START Data section

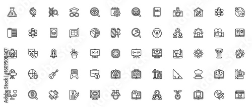 Education icon set. Minimal vector symbols for science, technology, arts & business. Includes flask, globe, DNA, book, laptop, rocket, AI and more. Editable line icons.
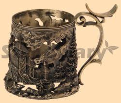 Диаметр основания - 7,5 см, высота подстаканника (без стакана) - 9 см. Материал - латунь (литье) Покрытие - никель (чернение) Данный подстаканник дополнительно можно покрыть серебром и позолотить некоторые его элементы. Это увеличит стоимость подстаканника на несколько тысяч рублей, более подробную информацию по срокам и ценам вы можете уточнить у наших менеджеров. Производитель Россия
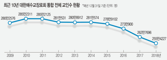 교회의 일꾼인 서리집사 감소 현상도 지속하고 있다. 지난해 58만9525명으로 1년 전 59만3184명에 비해 3659명(0.62%) 줄었다. 2016~2017년 사이에도 서리집사는 1만3878명 줄어들었다. 서리집사는 세례교인으로서 제직회 구성원이 되어 교회의 중요 결정과 봉사, 친교를 맡은 직분이다.
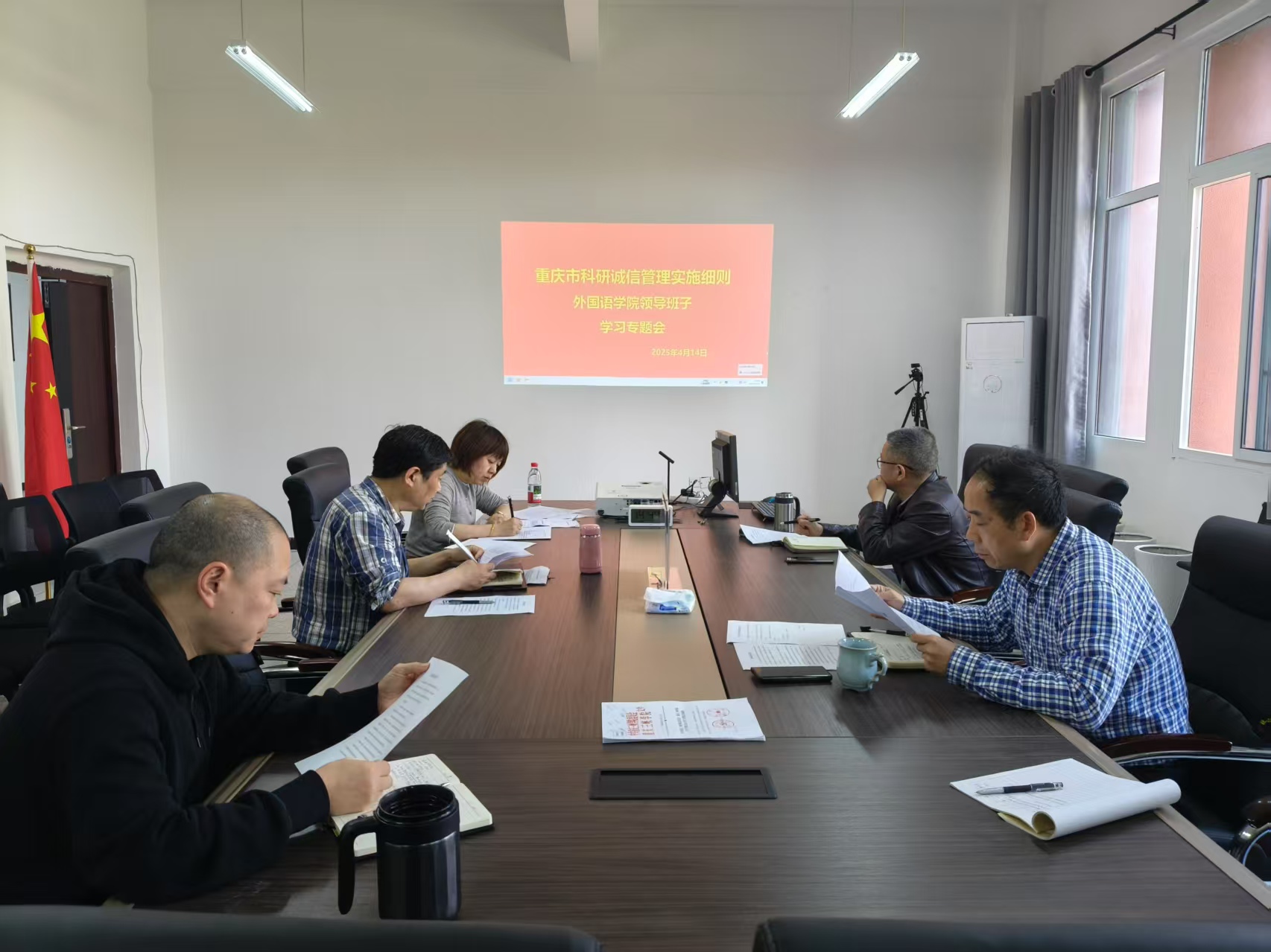 学院分管科研工作的副院长唐淑华教授领学了《重庆市科研诚信管理实施细则》,重点解读了科研诚信管理范围、科研诚信计分管理、计分结果运用等内容。班子成员围绕《重庆市科研诚信管理实施细则》要求,结合学院科研工作实际展开讨论,提出完善制度建设、加强宣传教育、强化监督管理、深化自查自纠等重点工作方向。会议决定本周四(4月17日)下午召开全体教职工大会,集体学习上述细则精神,并签订科研诚信承诺书,以此启动今年的科研诚信教育。

END Data section

What the task asks: The whole listing above needs to be copied exactly; please keep the pictures out.

Result for this exercise:
 Education icon set. Minimal vector symbols for science, technology, arts & business. Includes flask, globe, DNA, book, laptop, rocket, AI and more. Editable line icons.
 Диаметр основания - 7,5 см, высота подстаканника (без стакана) - 9 см. Материал - латунь (литье) Покрытие - никель (чернение) Данный подстаканник дополнительно можно покрыть серебром и позолотить некоторые его элементы. Это увеличит стоимость подстаканника на несколько тысяч рублей, более подробную информацию по срокам и ценам вы можете уточнить у наших менеджеров. Производитель Россия
 교회의 일꾼인 서리집사 감소 현상도 지속하고 있다. 지난해 58만9525명으로 1년 전 59만3184명에 비해 3659명(0.62%) 줄었다. 2016~2017년 사이에도 서리집사는 1만3878명 줄어들었다. 서리집사는 세례교인으로서 제직회 구성원이 되어 교회의 중요 결정과 봉사, 친교를 맡은 직분이다.
 学院分管科研工作的副院长唐淑华教授领学了《重庆市科研诚信管理实施细则》,重点解读了科研诚信管理范围、科研诚信计分管理、计分结果运用等内容。班子成员围绕《重庆市科研诚信管理实施细则》要求,结合学院科研工作实际展开讨论,提出完善制度建设、加强宣传教育、强化监督管理、深化自查自纠等重点工作方向。会议决定本周四(4月17日)下午召开全体教职工大会,集体学习上述细则精神,并签订科研诚信承诺书,以此启动今年的科研诚信教育。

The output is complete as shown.